**Data for the task:**
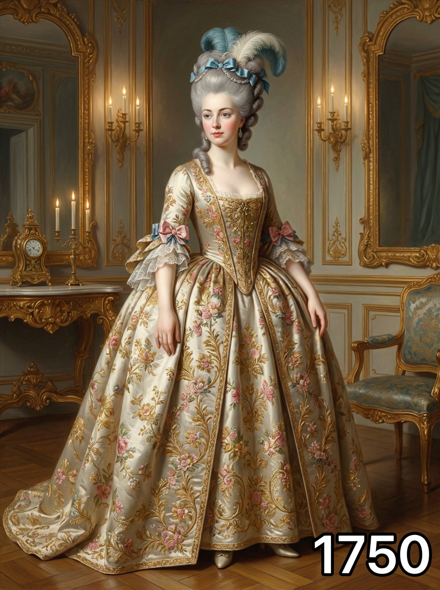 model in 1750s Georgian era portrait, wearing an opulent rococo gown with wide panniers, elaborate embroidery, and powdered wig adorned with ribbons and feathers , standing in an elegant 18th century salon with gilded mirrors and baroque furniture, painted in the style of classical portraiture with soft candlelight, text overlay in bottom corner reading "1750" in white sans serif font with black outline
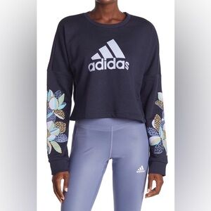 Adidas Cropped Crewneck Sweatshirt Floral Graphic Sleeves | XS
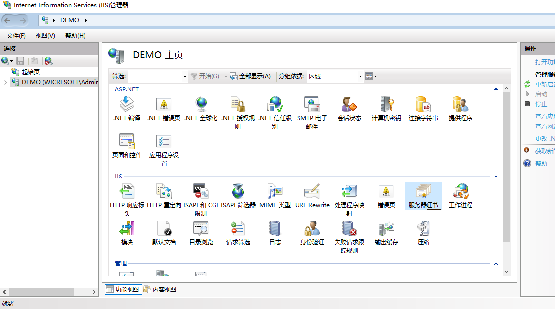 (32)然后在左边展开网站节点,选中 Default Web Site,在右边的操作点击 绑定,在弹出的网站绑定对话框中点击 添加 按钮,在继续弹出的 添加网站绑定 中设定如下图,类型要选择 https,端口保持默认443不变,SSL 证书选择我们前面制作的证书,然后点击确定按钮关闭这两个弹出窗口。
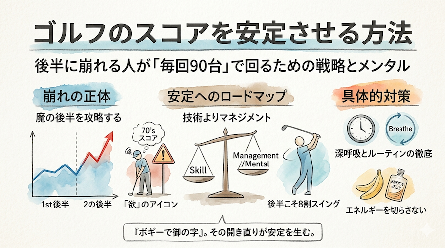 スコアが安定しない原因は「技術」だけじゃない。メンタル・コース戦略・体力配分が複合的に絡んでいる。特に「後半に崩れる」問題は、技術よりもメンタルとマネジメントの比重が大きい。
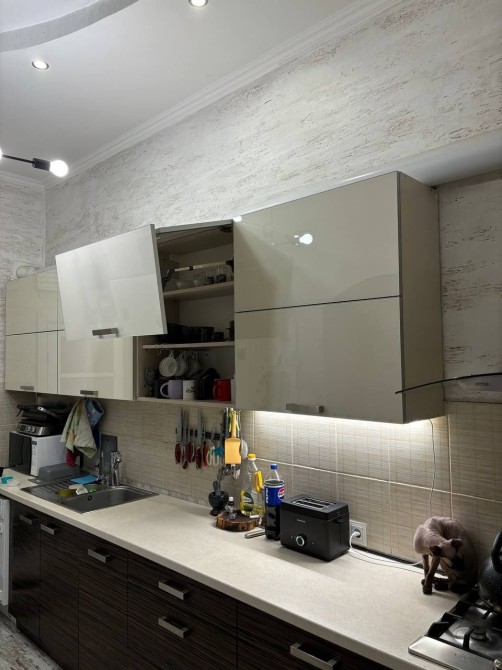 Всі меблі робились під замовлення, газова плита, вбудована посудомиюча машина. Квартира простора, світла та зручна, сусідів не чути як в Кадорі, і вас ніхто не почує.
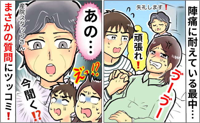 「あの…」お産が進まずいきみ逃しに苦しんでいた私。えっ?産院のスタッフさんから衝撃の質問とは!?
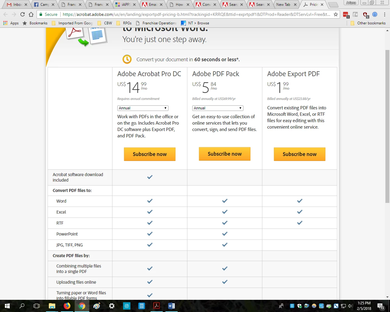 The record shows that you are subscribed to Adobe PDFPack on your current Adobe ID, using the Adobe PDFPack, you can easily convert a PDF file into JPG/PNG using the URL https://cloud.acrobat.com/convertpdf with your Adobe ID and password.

---

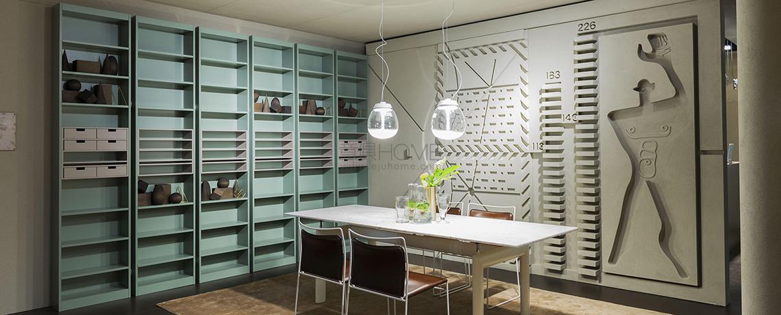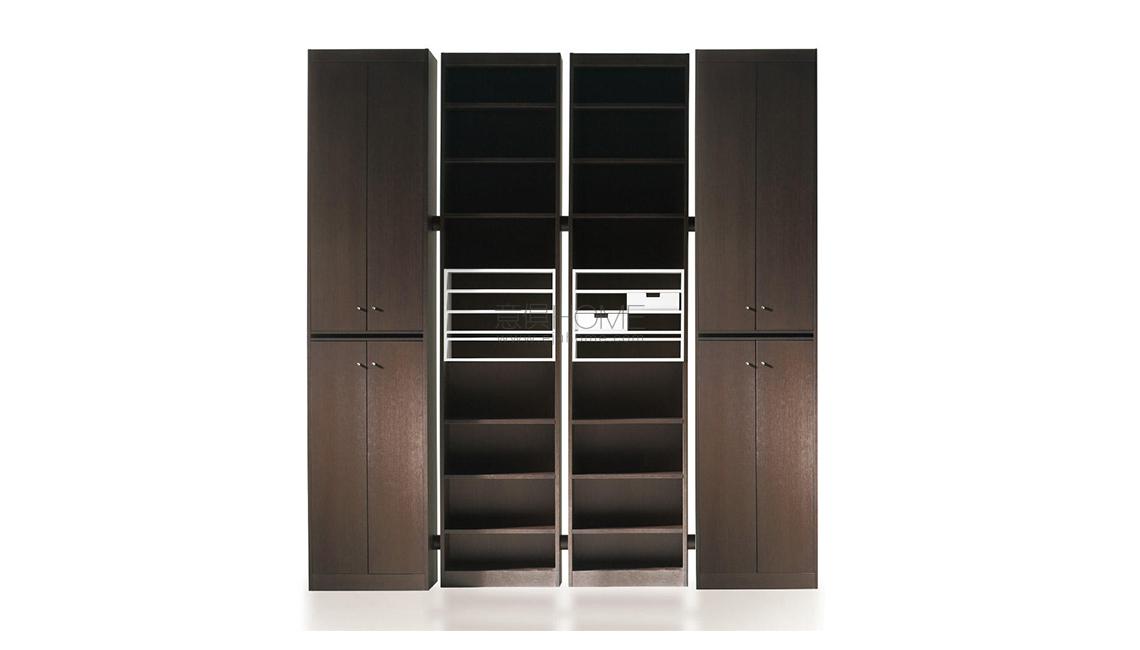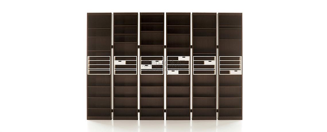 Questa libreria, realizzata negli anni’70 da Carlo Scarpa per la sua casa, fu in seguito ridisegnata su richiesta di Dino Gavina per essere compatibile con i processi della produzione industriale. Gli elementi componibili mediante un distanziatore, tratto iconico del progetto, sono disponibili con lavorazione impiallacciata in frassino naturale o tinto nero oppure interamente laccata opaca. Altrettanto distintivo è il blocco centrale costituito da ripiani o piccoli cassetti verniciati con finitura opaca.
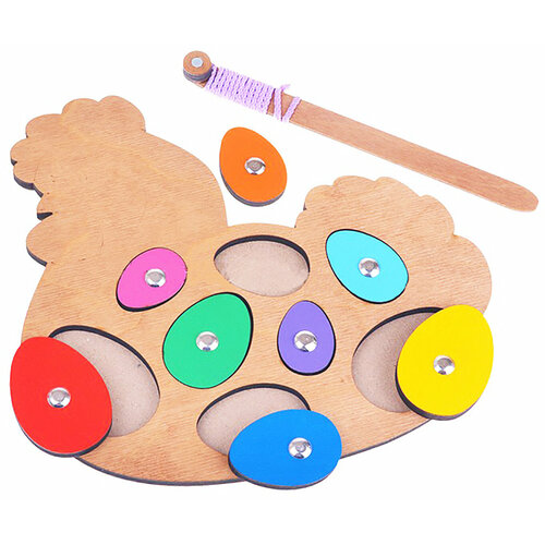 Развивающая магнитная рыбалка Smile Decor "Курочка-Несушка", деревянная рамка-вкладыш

**Exercise objective:**
Only one part of the material above is wanted: the lines from the one with "Adidas Cropped Crewneck" up to and including the one with "The record shows". Please copy them exactly, pictures left out.

**Response to the task:**
 Adidas Cropped Crewneck Sweatshirt Floral Graphic Sleeves | XS
 (32)然后在左边展开网站节点,选中 Default Web Site,在右边的操作点击 绑定,在弹出的网站绑定对话框中点击 添加 按钮,在继续弹出的 添加网站绑定 中设定如下图,类型要选择 https,端口保持默认443不变,SSL 证书选择我们前面制作的证书,然后点击确定按钮关闭这两个弹出窗口。
 スコアが安定しない原因は「技術」だけじゃない。メンタル・コース戦略・体力配分が複合的に絡んでいる。特に「後半に崩れる」問題は、技術よりもメンタルとマネジメントの比重が大きい。
 Всі меблі робились під замовлення, газова плита, вбудована посудомиюча машина. Квартира простора, світла та зручна, сусідів не чути як в Кадорі, і вас ніхто не почує.
 「あの…」お産が進まずいきみ逃しに苦しんでいた私。えっ?産院のスタッフさんから衝撃の質問とは!?
 The record shows that you are subscribed to Adobe PDFPack on your current Adobe ID, using the Adobe PDFPack, you can easily convert a PDF file into JPG/PNG using the URL https://cloud.acrobat.com/convertpdf with your Adobe ID and password.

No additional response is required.